Jennifer Clement first came into my consciousness through an article I ripped from the back issue of a writers magazine. I can’t credit the specific source as I have misplaced or discarded the original. Though the article was a profile of several upcoming authors a comment about Jennifer’s latest book (Prayers for the Stolen) was so intriguing I bumped the novel to the top of my to be read list. That’s something I rarely do. I try to be fair and read books in the order I added them recognizing that each one in the stack is a topic that called to me for one reason or the other.
Perhaps I made an exception this time because two characters in my current work in progress are Mexican immigrants who cross the border illegally into the US and start a life filled with the constant dread of being discovered. Jennifer, a Mexican, is of course much closer and more familiar with the issue of desperate young women, those girls who remain in Mexico but are abducted and sold into slavery of one sort or another. Her short but very compelling novel deals with the terror of growing up as a girl in rural Mexico. It is nearly incomprehensible to the average reader on this side of the border. You’d almost think it fantasy. In fact you’d like to think it fantasy and just close the book and let the memory fade away. But there the horror sits and festers.
In getting her story out, Jennifer has done more than write. She has risked her life as she says in an interview on the web. She has dared tell tales (that could have been journalistic pieces with sources and real names) and she believes if she had reported them in a journalistic manner, she’d have been a target and likely killed like other journalists who have attempted the same. Doomed like one of her characters. “She was washed clean, her hair roped into a long black braid that, during the night sleep, had coiled around her neck.” It’s an eerie and uncomfortable image.
Jennifer’s prose is as plain spoken as the people she writes about. In Prayers for the Stolen, it’s the world of a small town where the women are at risk, so much so that the people hide their daughters in holes when the “narcos” come to steal them, a world where the men have left to find jobs in the US.
“Our men crossed the river to the United States. They dipped their feet in the water and waded up to their waists but they were dead when they got to the other side. In the river they shed their women and their children and walked into the great big USA cemetery…They sent money; they came back once or twice and then that was that.”
In another interview, this time with the UK Telegraph, Jennifer says she hopes “there is a chance that fiction can make a difference.”
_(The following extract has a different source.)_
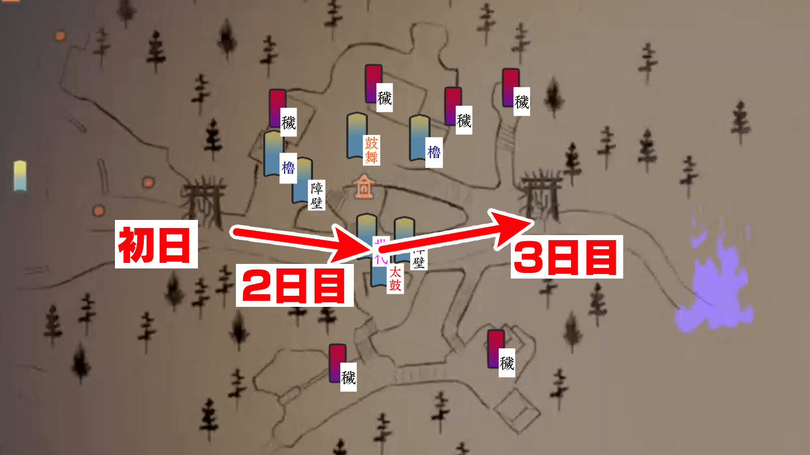 後半初日は時間がないので霊道を引かず、後半2日目になったら世代を結界内まで進めて待機させよう。世代結界まで進めてしまえば、次の日で穢れ鳥居まで到達できる。世代結界の正面には障壁があり、高台には櫓と鼓舞結界もあるため、仕掛けを修理できていれば守りやすい地形だ。

As for me, I dig for my own novel’s truth in the written word from newspapers, magazines, and nonfiction, and increasingly in the visual world, videos and still photos, works with disturbing scenes, whether of brutality in the Middle East or the desperation of illegal immigrants crossing the border in the Sonoran desert.
I can only hope that on the one hand my novel raises awareness while engaging a reader half as much as Jennifer’s has raised mine and that on the other this blog post supports Jennifer Clements’ efforts to bring awareness to the deplorable conditions of life in Mexico.